Indeed, the real question is not, “Why greatness?” but “What work makes you feel so compelled to try to create greatness”? If you have to ask the question, “Why should we try to make it great? Isn’t success enough?” then you’re probably engaged in the wrong line of work.

The World Without Us

Author: Alan Weisman

Have you ever wondered what would happen if every human on Earth disappeared? How long would it take for our buildings to fall, our cities and every other trace of our civilization to disappear?

The World Without Us is a big thought experiment which attempts to answer exactly these questions. There is so much interesting stuff in this book. Facts such as it would only take a matter of days for New York to be irreparably damaged by flooding make this an interesting read.

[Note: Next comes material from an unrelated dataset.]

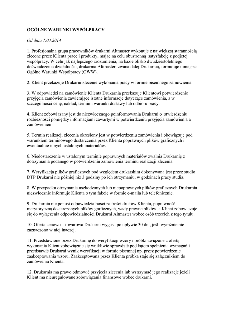 OGÓLNE WARUNKI WSPÓŁPRACY Od dnia 1.03.2014 1. Profesjonalna grupa pracowników drukarni Altmaster wykonuje z największą starannością zlecone przez Klienta prace i produkty, mając na celu obustronną satysfakcję z podjętej współpracy. W celu jak najlepszego zrozumienia, na bazie blisko dwudziestoletniego doświadczenia działalności, drukarnia Altmaster, zwana dalej Drukarnią, formułuje niniejsze Ogólne Warunki Współpracy (OWW). 2. Klient przekazuje Drukarni zlecenie wykonania pracy w formie pisemnego zamówienia. 3. W odpowiedzi na zamówienie Klienta Drukarnia przekazuje Klientowi potwierdzenie przyjęcia zamówienia zawierające istotne informacje dotyczące zamówienia, a w szczególności cenę, nakład, termin i warunki dostawy lub odbioru pracy. 4. Klient zobowiązany jest do niezwłocznego poinformowania Drukarni o stwierdzeniu rozbieżności pomiędzy informacjami zawartymi w potwierdzeniu przyjęcia zamówienia a zamówieniem. 5. Termin realizacji zlecenia określony jest w potwierdzeniu zamówienia i obowiązuje pod warunkiem terminowego dostarczenia przez Klienta poprawnych plików graficznych i ewentualnie innych ustalonych materiałów. 6. Niedostarczenie w ustalonym terminie poprawnych materiałów zwalnia Drukarnię z dotrzymania podanego w potwierdzeniu zamówienia terminu realizacji zlecenia. 7. Weryfikacja plików graficznych pod względem drukarskim dokonywana jest przez studio DTP Drukarni nie później niż 3 godziny po ich otrzymaniu, w godzinach pracy studia. 8. W przypadku otrzymania uszkodzonych lub niepoprawnych plików graficznych Drukarnia niezwłocznie informuje Klienta o tym fakcie w formie e-maila lub telefonicznie. 9. Drukarnia nie ponosi odpowiedzialności za treści druków Klienta, poprawność merytoryczną dostarczonych plików graficznych, wady prawne plików, a Klient zobowiązuje się do wyłączenia odpowiedzialności Drukarni Altmaster wobec osób trzecich z tego tytułu. 10. Oferta cenowo – towarowa Drukarni wygasa po upływie 30 dni, jeśli wyraźnie nie zaznaczono w niej inaczej. 11. Przedstawione przez Drukarnię do weryfikacji wzory i próbki związane z ofertą wykonania Klient zobowiązuje się wnikliwie sprawdzić pod kątem spełnienia wymagań i przedstawić Drukarni wynik weryfikacji w formie pisemnej np. przez potwierdzenie zaakceptowania wzoru. Zaakceptowana przez Klienta próbka staje się załącznikiem do zamówienia Klienta. 12. Drukarnia ma prawo odmówić przyjęcia zlecenia lub wstrzymać jego realizację jeżeli Klient ma nieuregulowane zobowiązania finansowe wobec drukarni. 13. Drukarnia ma prawo uzależnić realizację zamówienia Klienta lub wydanie pracy od wpłaty części lub całości należności. W szczególności dla zleceń klientów rozpoczynających współpracę z Drukarnią stosowana jest zasada przedpłaty zamówienia. 14. Realizacja zamówienia Klienta rozpoczyna się niezwłocznie po zakończeniu weryfikacji dostarczonych plików i Klient ponosi koszty wprowadzonych po tym terminie zmian w zleceniu. 15. Prace dodatkowe spowodowane decyzjami Klienta po złożeniu zamówienia wymagają formy pisemnej i będą doliczone do wartości pierwotnego zamówienia. 16. W przypadku druku na materiale Klienta powinien on dostarczyć ustaloną nadwyżkę materiału. W uzasadnionych technicznie przypadkach Drukarnia może zwrócić się do Klienta o zwiększenie ustalonej nadwyżki materiału w trakcie produkcji lub zmianę warunków realizacji zamówienia. 17. Drukarnia nie odpowiada za wady prac wykonanych na materiale dostarczonym przez Klienta wynikających z zastosowanego materiału. 18. W przypadku dostrzeżenia wad materiałów produkcyjnych dostarczonych przez Klienta, Drukarnia niezwłocznie informuje o tym Klienta. Koszty związane z przerwanym procesem produkcji ponosi Klient. 19. Surowce specjalnie zamawiane przez Drukarnię dla zrealizowania konkretnego zamówienia Klienta, są po 2 miesiącach od daty zakupu fakturowane na Klienta, jeżeli zlecenie to nie zostało zrealizowane z przyczyn Klienta. 20. W przypadku zamówienia przez Klienta druku na podłożach ekonomicznych, może wystąpić różnica kolorów pomiędzy poszczególnymi egzemplarzami produktu. Gwarancja na produkty wykonane na powyższych podłożach może zawierać dodatkowe ograniczenia wyszczególnione w potwierdzeniu zamówienia. 21. Nie podlegają reklamacji nieznaczne odchylenia kolorów wydruków nakładu od odbitek próbnych, jak też pomiędzy wydrukami wykonanymi w różnych technologiach. 22. Tolerancja wymiarowa wykonanych prac wynosi +/-(1% wymiaru + 2 mm), jeżeli nie jest to zaznaczone inaczej w potwierdzeniu zamówienia. 23. Drukarnia nie ma obowiązku przechowywania plików zlecenia ponad 7 dni po zakończeniu jego realizacji. Dostarczone nośniki z plikami zwracane są tylko w przypadku, gdy Klient uprzednio to zgłosi. 24. Drukarnia nie odpowiada za prace nieodebrane przez Klienta w przeciągu jednego miesiąca od ich wykonania. Nieodebranie zamówionych prac nie zwalnia Klienta z obowiązku zapłaty za zamówione prace. 25. W przypadku wystąpienia przeszkód natury wyższej, które wystąpiły po przyjęciu zamówienia, i których Drukarnia, mimo dołożenia należytych starań, nie była w stanie przewidzieć, Drukarnia Altmaster niezwłocznie informuje Klienta o zaistnieniu tego rodzaju przeszkody i jej wpływie na realizację zamówienia. Wówczas Klient podejmuje decyzję o odstąpieniu od umowy lub określeniu nowych warunków realizacji zamówienia. W takich przypadkach Klientowi nie przysługuje prawo roszczenia za szkody spowodowane zmianą lub anulowaniem zamówienia. 26. Za opóźnienia dostarczenia zamówień zleconych przewoźnikowi zewnętrznemu lub kurierowi, które powstały z winy przewoźnika lub kuriera, Drukarnia odpowiada tylko do wysokości kosztów dostarczenia. 27. Odpowiedzialność Drukarni za opóźnienie realizacji zamówienia, przekraczające 1 dobę, jest ograniczona do 10%

I started this book expecting a lot of discussion around when the obvious signs of our civilization would be gone. While this is covered, the book spends even more time on larger environmental aspects that I had not considered. 4 out of 5.

Who’s Your City?

Author: Richard Florida

This is a stunningly good book. It is based on a large body of research, contains lots of interesting anecdotes and notably explains why cities are growing in importance even in an age when telecommunications and the Internet should allow people to live and work where ever they like. Who’s Your City? will profoundly change the way you look at the world and your own location choices. 5 out of 5.

I need to read this book again.

The Cult of the Amateur

Author: Andrew Keen

I think it is important to challenge yourself with ideas that you may not agree with. In this spirit I grabbed a copy of The Cult of the Amateur. The sub-title of this book is “how today’s internet is killing our culture’. Basically this book laments the disintermediation or democratization that is so often associated with the Internet, usually with a positive connotation. A critical view of the effects of the Internet is not a bad thing but the author seems to be more upset with change than anything else. Long discussions of lost music stores and music becoming a loss leader for coffee attempt to show the bad side of the digital world. Similarly, the author calls out Craig’s list for destroying news papers because it is stealing revenue from their once profitable classifieds sections. To me, these changes are not ‘killing our culture’. They are the result of technological change and new, more efficient competition. This isn’t a bad thing. Though it may be painful for some participants.

There are also parts of this book which I think border on dishonesty. One example of this can be found on page 24 during a discussion of “remixing”:

Silicon Valley visionaries such as Stanford law professor and Creative Commons founder Lawrence Lessig and cyberpunk author William Gibson laud the appropriation of intellectual property.

I’ve read quite a bit of Lessig’s work. No where have I read anything that would indicate he ‘lauds the appropriation of intellectual property’.

Occasionally the author does make some interesting arguments so the book is still worth reading. If nothing else you will think slightly more critically about the societal change brought about by the Internet which is probably a good thing. 2.5 out of 5.